There is also the matter that, in this multicultural country, people use the sounds of their ancestral tongues when saying the names of people in their community. The most regrettable, and the most damaging, omission is a symbol the omission of the schwa sound which is used in all Asian languages and in English; it is also used in international French, but seems to be unknown to Mauritian teachers of French. There is no way one can properly read out any French verse without the schwa. How does one pronounce the mute Es at the end of the words “courbe”, “de” and “le” in the famous verse “La courbe de tes yeux fait le tour de mon coeur”? Some do not pronounce them at all; others pronounce them as “eux”; neither is correct. Very early in our studies my wife and I came to the conclusion that the schwa was almost the same in all languages, and we picked on the first letter of the Hindi alphabet for it, using it in Bhojpuri, Hindi, English and French. We have been around in every French-speaking country of the world – in Europe, Africa and Canada, and nobody has found fault with it. It is the belief of my Group that a few language experts from the MGI should be assigned the task of deciding which Asian sounds should be included in our national list of Creole sounds, regardless of what the international Creole diaspora, or Prof Chaudenson, might think. Mauritian Creole should first and foremost serve the Mauritian people, all segments of them.

Beyond the omission of certain sounds, the scripts for certain sounds are badly set out. For examples the sounds of the syllables “ti” and “di”. These are also badly pronounced in our French. French phonetician Monique Léon warns us not to introduce an “s” between “t” and “i” when saying “ti”, because the consonnant “t” has the same quality in both “ti” and “ta”. For the same reason a “z” sound must not be introduced “d” and “i”, for the quality of “d” must be the same in “di” and “da”. The spelling that should be used in Creole is “tsi” and “dzi”. Other languages have the “ts” and “dz” sounds too: look at Zimbabwean “Tsangarai” and the Chechen name “Dzhokhar Tsarnaev”. These are not the palatal “ch” sounds of Hindi and English.

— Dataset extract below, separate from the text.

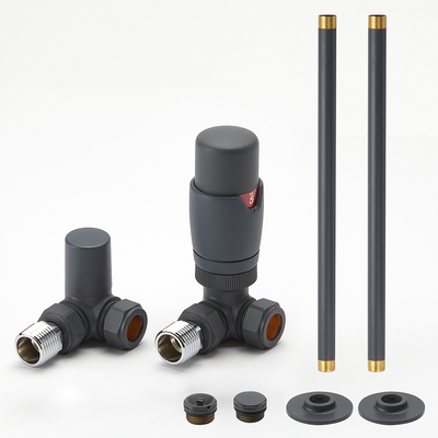 Complétez l’installation de votre nouveau radiateur ou sèche-serviettes avec cette robinetterie de radiateur d’angle et ce kit de tuyauterie. Le robinet thermostatique permet de contrôler facilement la puissance de chauffe d’un radiateur individuel, assurant ainsi un meilleur confort et une consommation d’énergie réduite. Ces robinets de radiateur d’angle affichent une finition anthracite qui vient accentuer le look contemporain de votre radiateur. Fabriqués en laiton, ils conviennent à une utilisation avec tous nos radiateurs et sèche-serviettes. Les raccords de tuyauterie sont conçus pour raccorder le sol avec l’entrée du robinet, assurant un rendu soigné. Leur finition anthracite s’harmonise parfaitement avec ces robinets de radiateur. Les tuyaux sont dotés d‘une pointe exposée en laiton, ce qui permet de les souder à la tuyauterie de votre radiateur. Caractéristiques du robinet de radiateur et tuyauterie:

Only such a change will permit the proper pronunciation of the name of the new Indian Prime Minister.

The spellings proposed by the grafilarmoni crowd do not seem to gain the acceptance of many; notice writers who genuinely wish to convey a message in Creole but cannot bring themselves to accept their guidelines in toto. In one office that I visited recently the following notice could be read: “Pas faire tapaze. Tapaze dérange le bon fonctionnement dans bureau. Comporte zot bien et respecter zot prochain.” Nobody can deny that the message writer has got his message across. Whether the message is respectful of the public that the office is intended to serve is another matter. Will the government take steps against such notice writers?

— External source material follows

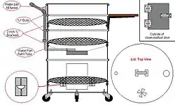 A diagram of a typical upright drum smoker

I have woken up to the extent of the hegemony of the Creole language only recently – following the untimely demise of my wife. Prior to that I was living in a multilingual world, as my wife and I had embarked on language studies together following our marriage way back in the mid-fifties and conversed with each other in any of English, French and Bhojpuri indifferently. Now I am drowning in an ocean of Creole. There’s nobody around in my immediate vicinity to whom I could say a word even in Bhojpuri, let alone English and French. Even the maids, all Indo-Mauritians, do not know Bhojpuri. Recently, for the Shivaratri festival, all “pilgrims” were conversing with one another only in Creole – a practice which would have been totally unacceptable when I used to walk to Pari Talav way back in the forties and early fifties. I had heard of the expression “descente aux enfers” before but now I am experiencing it.